Repeat the data that follows exactly, starting at the line with "The remote control" and ending at the line with "8. Chanel22 Mini", and leave out every picture.

* _Exercise data_
··········

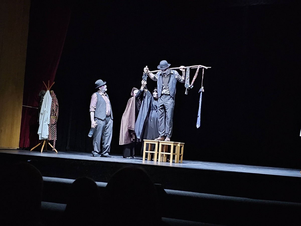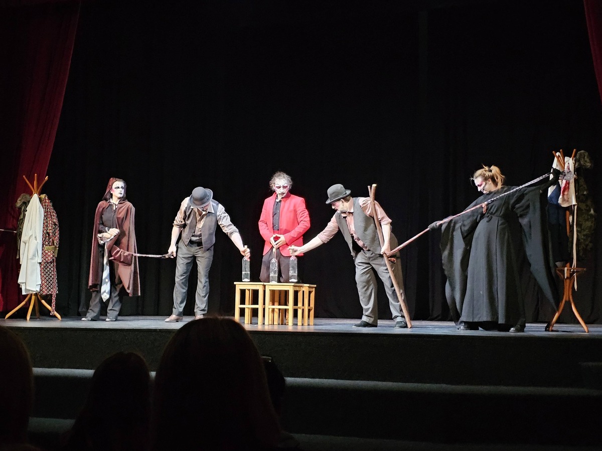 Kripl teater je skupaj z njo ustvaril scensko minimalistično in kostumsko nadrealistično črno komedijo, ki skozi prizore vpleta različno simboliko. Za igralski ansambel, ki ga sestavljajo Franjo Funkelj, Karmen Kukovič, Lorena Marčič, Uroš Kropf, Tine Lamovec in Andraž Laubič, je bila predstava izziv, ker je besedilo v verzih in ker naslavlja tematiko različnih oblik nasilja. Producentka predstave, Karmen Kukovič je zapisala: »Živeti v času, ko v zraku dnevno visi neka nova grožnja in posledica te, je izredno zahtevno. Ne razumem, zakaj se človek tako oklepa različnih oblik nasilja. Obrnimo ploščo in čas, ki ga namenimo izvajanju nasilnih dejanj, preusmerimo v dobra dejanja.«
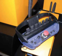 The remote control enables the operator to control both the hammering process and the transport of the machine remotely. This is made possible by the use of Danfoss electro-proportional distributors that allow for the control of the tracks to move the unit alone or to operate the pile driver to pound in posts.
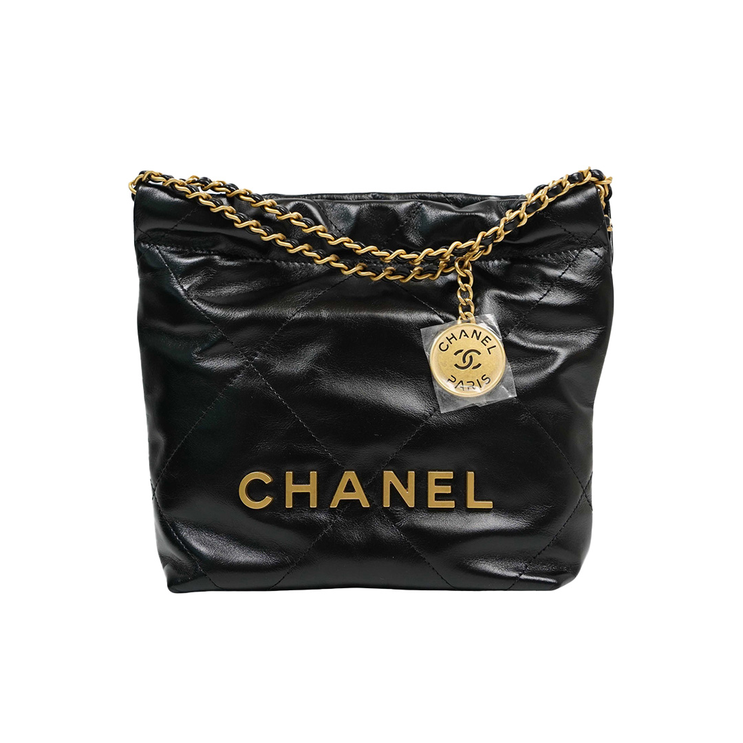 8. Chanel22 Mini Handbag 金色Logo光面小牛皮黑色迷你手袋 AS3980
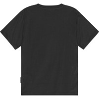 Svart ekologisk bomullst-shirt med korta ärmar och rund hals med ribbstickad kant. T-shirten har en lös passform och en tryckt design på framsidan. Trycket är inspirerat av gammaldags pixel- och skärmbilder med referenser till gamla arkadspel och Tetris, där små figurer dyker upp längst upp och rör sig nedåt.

··········

* _Solved exercise_
 The remote control enables the operator to control both the hammering process and the transport of the machine remotely. This is made possible by the use of Danfoss electro-proportional distributors that allow for the control of the tracks to move the unit alone or to operate the pile driver to pound in posts.
 8. Chanel22 Mini Handbag 金色Logo光面小牛皮黑色迷你手袋 AS3980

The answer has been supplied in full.